B. Types of Circuit Breakers: Types of circuit breakers are as follows : 

a. Plain Break Oil Circuit Breaker : 

• 1. Fig. depicts the configuration of this breaker. There is a sturdy weather-tight earthed metal tank with a predetermined level of oil and an air cushion above the oil.
• 2. The oil pressure in this breaker tank is solely due to the oil head above the contacts enclosed in the tank.

• 3. When the contacts separate, an arc is formed. This converts oil to petrol. Arc-induced gas production may disperse heat generated by the arc.

b. Air Circuit Breaker :

• 1. In air circuit breakers the compressed air at pressure around 15 kgf/cm² is used for extinction of arc.  
• 2. Fig. shows a typical air circuit breaker. 
• 3. Arc extinction is caused by the passage of air surrounding the moving circuit. The breaker is closed by applying pressure to the bottom aperture and opened by applying pressure to the upper opening.
• 4. When the contacts separate, cool air rushes around the moveable contact, blowing out the arc.

c. Water Circuit Breaker : 

• 1. The principle of the water circuit breaker is shown in Fig.
• 2. The contacts are in water, which is turned into steam by the arc and rushes past the opening to blow out the arc. 

b. What is the function of bus bar ? Draw different types of bus bar arrangements and discuss their relative merits and demerits. 

Ans. A. Function of Bus Bar: A bus bar is an electrical connection that collects and distributes electricity from incoming sources to outgoing feeders. A bus bar’s primary function is to transport and distribute electricity.

B. Types of Bus Bar Arrangements : 

i. Single Bus Bar Arrangement : 

a. Diagram: Fig. 6.

b. Merits :

• 1. It has low initial cost. 
• 2. It requires less maintenance.  

c. Demerits :  

• 1. The complete supply is disturbed on the occurrence of the fault. 
• 2. Less flexible. 

ii.

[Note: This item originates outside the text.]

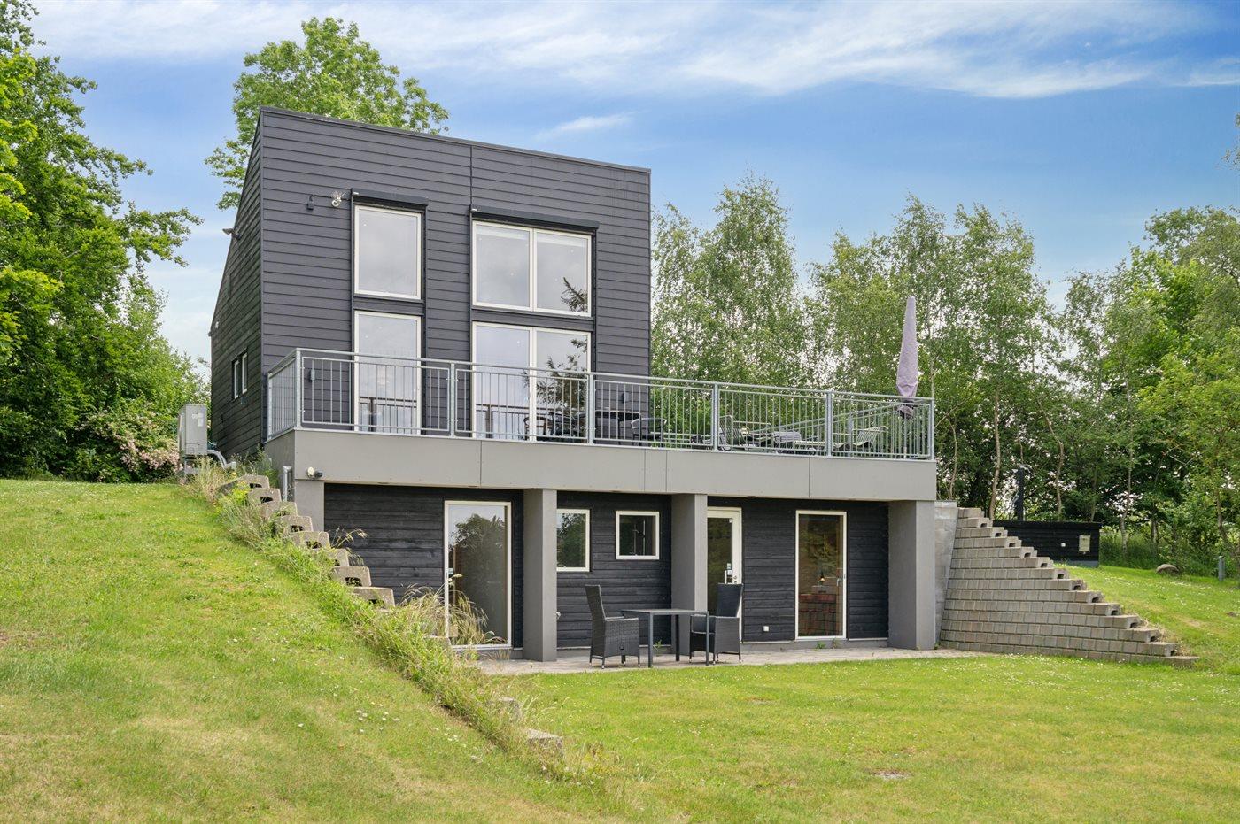 Flot, 2-etages arkitekttegnet sommerhus i træ og sten med en fantastisk fjordudsigt fra såvel hus som grund. Huset er bygget i 2008 og ligger i et naturskønt og roligt område - kun 100 m fra fjorden.
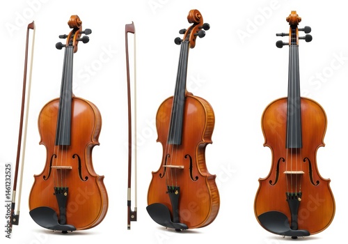 Three violins with bows displayed against a white background in varying angles

Sectionalized Single Bus Bar Arrangement : 

a. Diagram: Fig. 7. 

b. Merits : 

• 1. The faulty section is removed without affecting the continuity of the supply. 
• 2. The system has a current limiting reactor which decreases the occurrence of the fault. 

c. Demerits: 

• 1. The system uses additional circuit breaker and isolator which increases the cost of the system. 

iii. Double Bus Double Breaker Arrangement : 

a. Diagram: Fig. 8. 

b. Merits : 

• 1. Provides maximum reliability and flexibility in the supply. 
• 2. The continuity of supply remains same.

c. Demerits : 

• 1. Their maintenance cost is very high.